======== SUPPLIED MATERIAL ========

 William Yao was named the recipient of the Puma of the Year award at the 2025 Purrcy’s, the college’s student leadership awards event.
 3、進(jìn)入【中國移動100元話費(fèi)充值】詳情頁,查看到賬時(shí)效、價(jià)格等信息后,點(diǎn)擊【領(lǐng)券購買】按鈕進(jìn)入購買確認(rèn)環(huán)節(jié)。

========
======== SUPPLIED MATERIAL ========

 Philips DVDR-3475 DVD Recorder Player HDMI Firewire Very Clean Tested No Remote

========
======== SUPPLIED MATERIAL ========

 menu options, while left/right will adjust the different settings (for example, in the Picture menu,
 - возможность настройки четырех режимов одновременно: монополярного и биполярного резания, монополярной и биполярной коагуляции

========

■ WORK INSTRUCTION:
Return, with no change at all, every line in the entries above from the line containing "menu options, while" through the line containing "- возможность настройки".

■ RESULT OF THIS EXERCISE:
 menu options, while left/right will adjust the different settings (for example, in the Picture menu,
 - возможность настройки четырех режимов одновременно: монополярного и биполярного резания, монополярной и биполярной коагуляции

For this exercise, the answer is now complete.